• [Aim of the exercise]: Leaving out the images, repeat all the lines below exactly.

• [Data provided]:
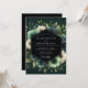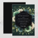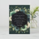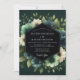 Experience a dramatic and elegant atmosphere with this stunning botanical design, featuring a deep hunter green and charcoal palette. Luminous painterly blossoms in shades of teal and soft ivory are artfully arranged with delicate, verdant foliage. This modern and romantic arrangement creates a sophisticated and moody aesthetic for your special day.
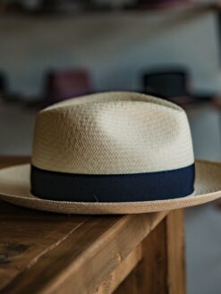 Casual Chic Straw Hat, This is a medium height centre dent panama with 7 cm / 2.75 in – 8 cm / 3.15 in brim. It features 38 mm puggaree hatband.
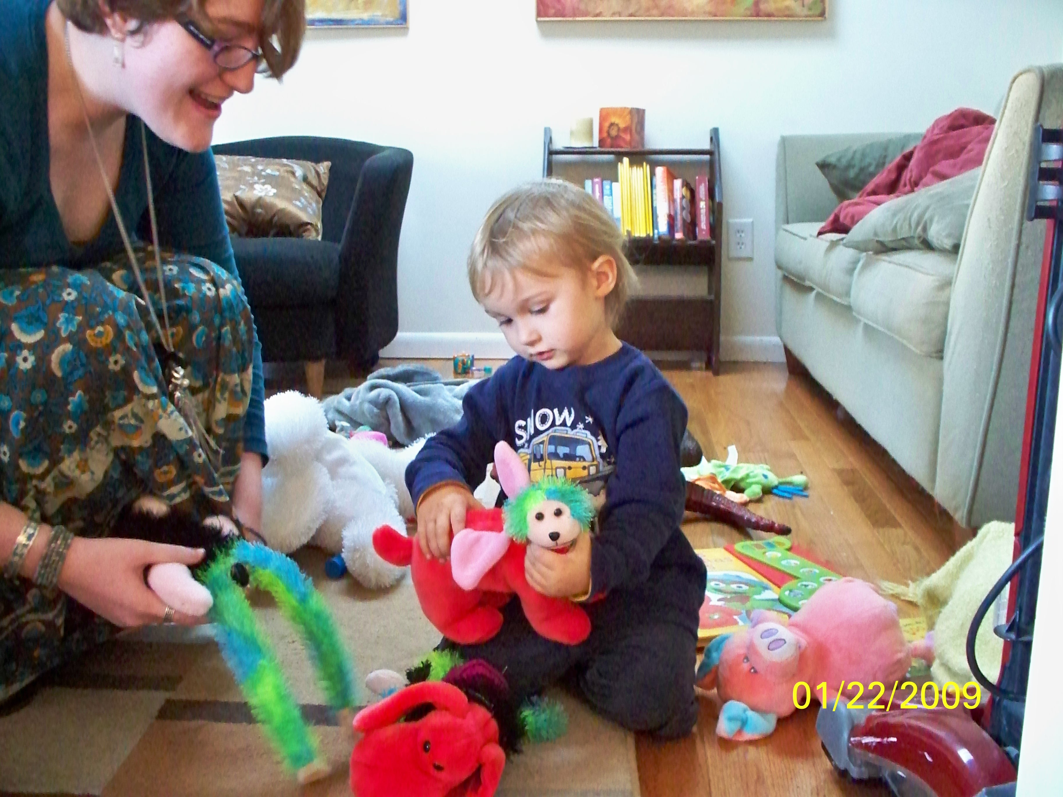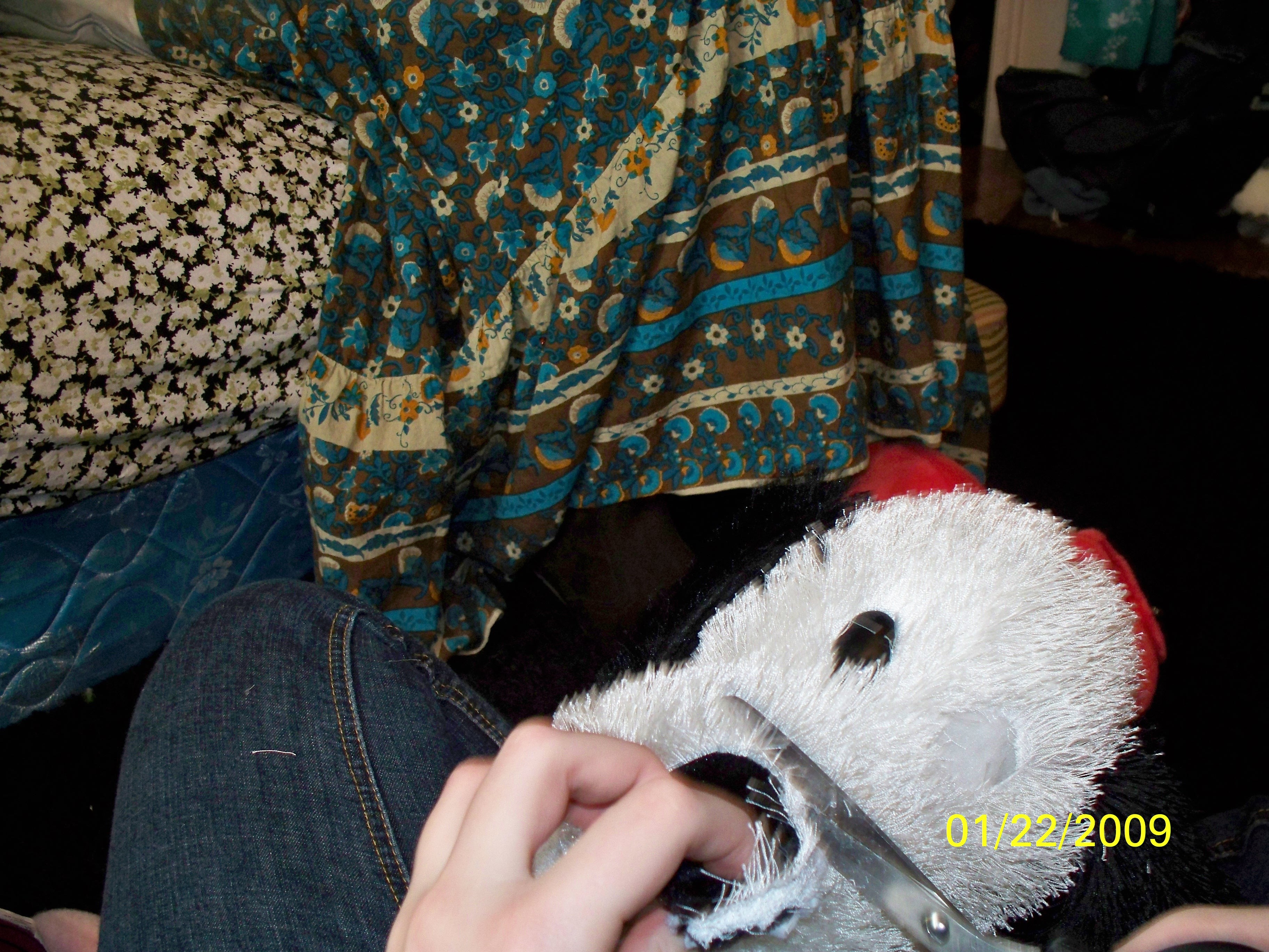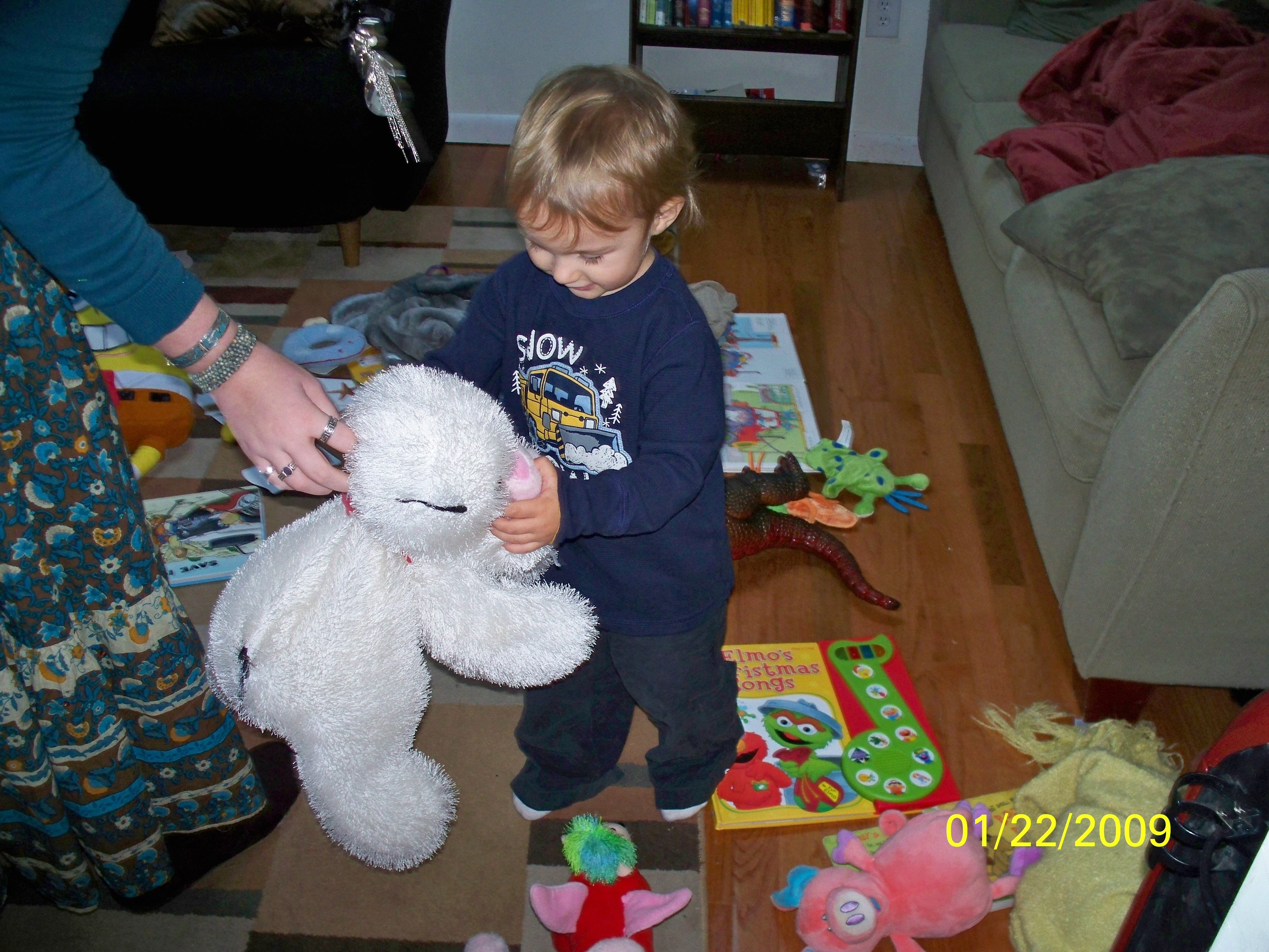 Over to Rebecca's house. She takes some unused stuffed animal's from her younger brother's room and we begin. We had a lot of fun jamming out the music and chilling. When we finished the toy, all completed without a clear direction in mind, we took them to her littlest brother. He seemed to enjoy them immensely, and was so cute!

• [Exercise result]:
 Experience a dramatic and elegant atmosphere with this stunning botanical design, featuring a deep hunter green and charcoal palette. Luminous painterly blossoms in shades of teal and soft ivory are artfully arranged with delicate, verdant foliage. This modern and romantic arrangement creates a sophisticated and moody aesthetic for your special day.
 Casual Chic Straw Hat, This is a medium height centre dent panama with 7 cm / 2.75 in – 8 cm / 3.15 in brim. It features 38 mm puggaree hatband.
 Over to Rebecca's house. She takes some unused stuffed animal's from her younger brother's room and we begin. We had a lot of fun jamming out the music and chilling. When we finished the toy, all completed without a clear direction in mind, we took them to her littlest brother. He seemed to enjoy them immensely, and was so cute!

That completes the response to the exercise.